Luces desde la oscuridad
Por: Odette Alonso
Odette Alonso |
“¡Claro! ¡Cómo no van a gustarme!”, me dije, sorprendida aún, cuando de pronto, mientras paladeaba mi caramel macchiato de Starbucks en el food curt de la Terminal 2, se me posó en la mente el recuerdo de aquellas tardes santiagueras en las que, con mi abuela Cristina o mi abuelo José, tomábamos la ruta 11 e íbamos al aeropuerto, muy contentas y vestidas de domingo, a merendar bocaditos de jamón y queso, jugos y hasta algún pastelito fino, que allá se llaman dulces. Y luego, subíamos a la terraza a ver llegar el vuelo de La Habana , que era un avión grandísimo, del tamaño de los más chiquitos de ahora. Cuatrimotor, como el del doctor de la vacunación de María Elena Walsh, y después de turbina. Pero cuando llegaron ésos, unos rusos IL-42 a los que se subía por la cola —con y sin albur—, ya no había bocaditos de jamón en la cafetería para nacionales ni daban durante el vuelo aquellos fantásticos entremeses de carnes frías o caramelitos envueltos, de ésos que acá se llaman dulces.
Pero a lo que íbamos: la cuestión es que mientras desayunaba en la Terminal 2 descubrí la semilla del porqué me gustan los aeropuertos: porque ir al Antonio Maceo era ocasión de alegría: merienda o viaje, siempre paseo. Desde entonces, los aeropuertos son el preludio del tránsito, del movimiento, del cambio. Me gusta esa sensación de vida provisional que repite sus rutinas, pero son otras, y anuncian que, al menos por unos días, seremos distintos, tal vez nosotros mismos o esa otra parte de nosotros mismos que la cotidianidad se traga y pulveriza. Lo que puedan molestarme los trámites o los agentes aduanales y de migración —que casi siempre es poco y también rutinario— no tiene comparación con el placer de recorrer esos pasillos largos y esas tiendas coloridas llenas de perfumitos y licores o de mirar, a través de los grandes ventanales, esos tiburones del aire que me fascinan y me incitan.
Porque no hago más que entrar a un aeropuerto y se detona el instinto que me regresa a la creación. Como en un caleidoscopio, se suceden las imágenes y empiezo a ver y a prever con esos ojos locos, esquizofrénicos, con que vemos los artistas. Cada vez que cierro la libreta creyendo haber terminado de anotar alguna idea, la siguiente me urge a volverla a abrir. Hay temporadas en que sólo pienso —o sólo me resulta interesante lo que pienso— en esa soledad acompañada de los aeropuertos o asomada a la ventanilla desde donde la tierra es una maqueta y el mar, un charco azul brillante o una boca de lobo.

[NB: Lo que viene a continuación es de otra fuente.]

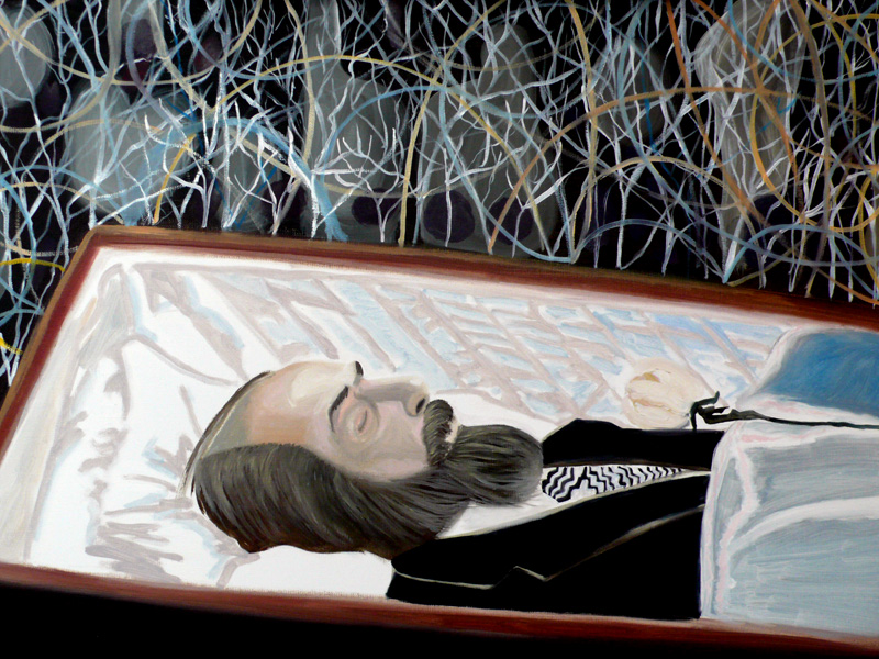 Soljenitsyne: a XXth century paradox by Valéry Grancher (Oil on canvas 61*46 cm)
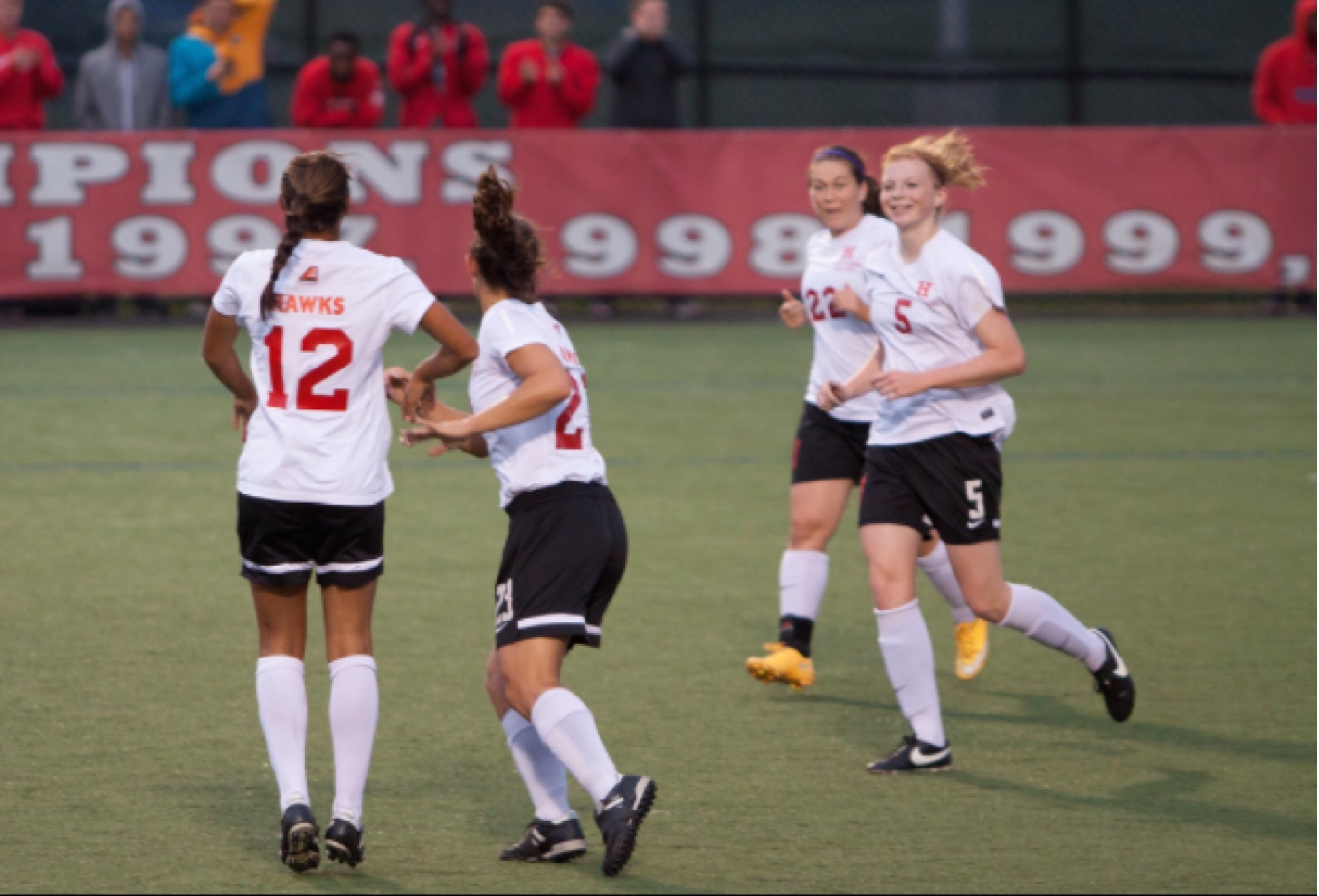 Nolan celebrating her first goal for the Hartford Hawks. Helping the Hawks to a 1-0 win over Stony Brook

Desde esas atalayas he observado brillos inexplicables en los anocheceres, las fraguas de Vulcano y los fuegos del infierno. Y campos de algodón que se transforman en animales prehistóricos o arenas movedizas. Desde ellas venía observando el domingo pasado la línea iridiscente de los cayos de la Florida cuando allí, frente a Key West, divisé esa mancha de luces. “Ahí, de ese lado”, me dije, “no puede ser otra cosa… pero ¿acaso está tan cerca?” Entonces, después de dar toda la información reglamentaria, el capitán comentó: “Lo que ven a su izquierda es la isla de Cuba”.
En un instante se me llenaron los ojos de lágrimas. Pensé que ese pedacito de mar, que desde allá arriba era sólo una cuarta de distancia, desde hace medio siglo se ha llenado de ahogados. Ese dolor subió desde la oscuridad, se me atoró en el pecho y ahogó también mi llanto. Observé el resplandor de La Habana mientras se perdía en la noche. Y la oscuridad volvió a salvarme hasta que dos horas más tarde la ciudad de México, sin principio ni fin, me llenara los ojos de fulgores y me diera ese empujón que hace adentrarse en ella como en un vientre más.